● REQUIREMENT: The reply should match the listing below character for character, except that no image is carried over.

● DATA EXTRACT:
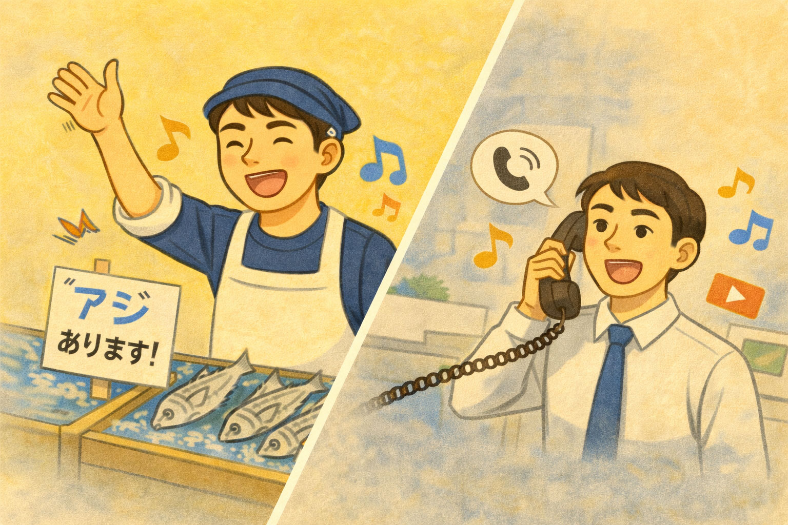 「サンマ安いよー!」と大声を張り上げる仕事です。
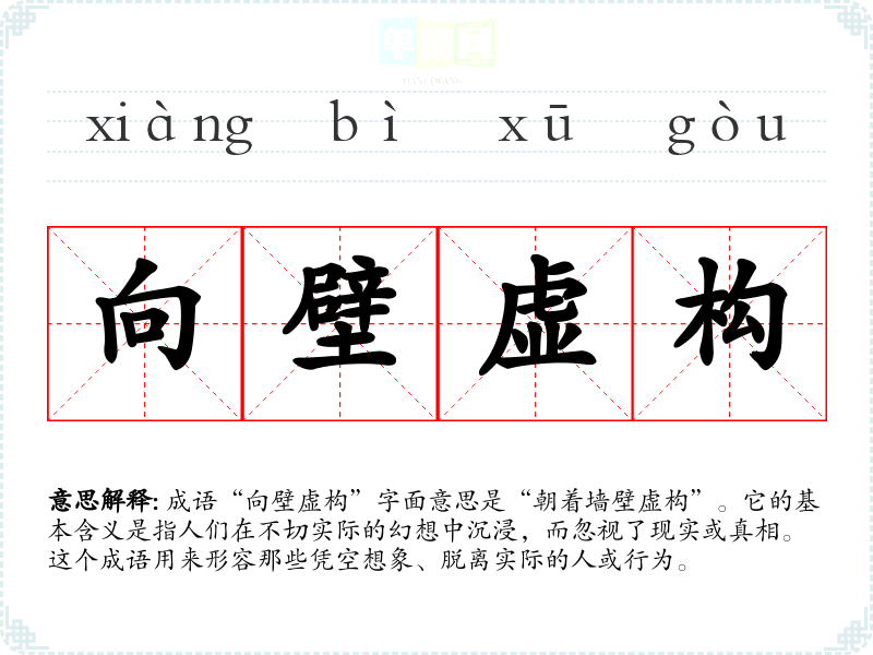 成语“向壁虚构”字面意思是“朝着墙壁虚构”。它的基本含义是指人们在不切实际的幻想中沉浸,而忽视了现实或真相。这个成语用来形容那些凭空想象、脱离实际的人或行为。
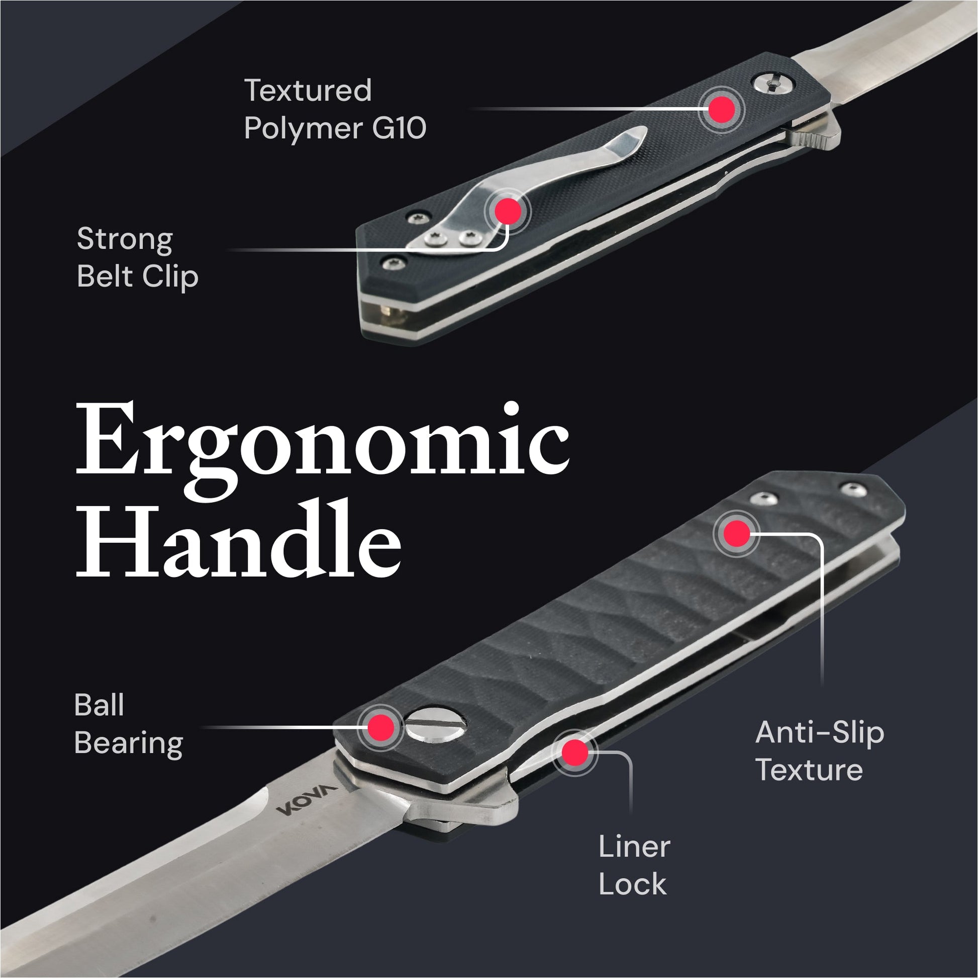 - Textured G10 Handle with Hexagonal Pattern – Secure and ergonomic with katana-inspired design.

● TASK RESULT:
 「サンマ安いよー!」と大声を張り上げる仕事です。
 成语“向壁虚构”字面意思是“朝着墙壁虚构”。它的基本含义是指人们在不切实际的幻想中沉浸,而忽视了现实或真相。这个成语用来形容那些凭空想象、脱离实际的人或行为。
 - Textured G10 Handle with Hexagonal Pattern – Secure and ergonomic with katana-inspired design.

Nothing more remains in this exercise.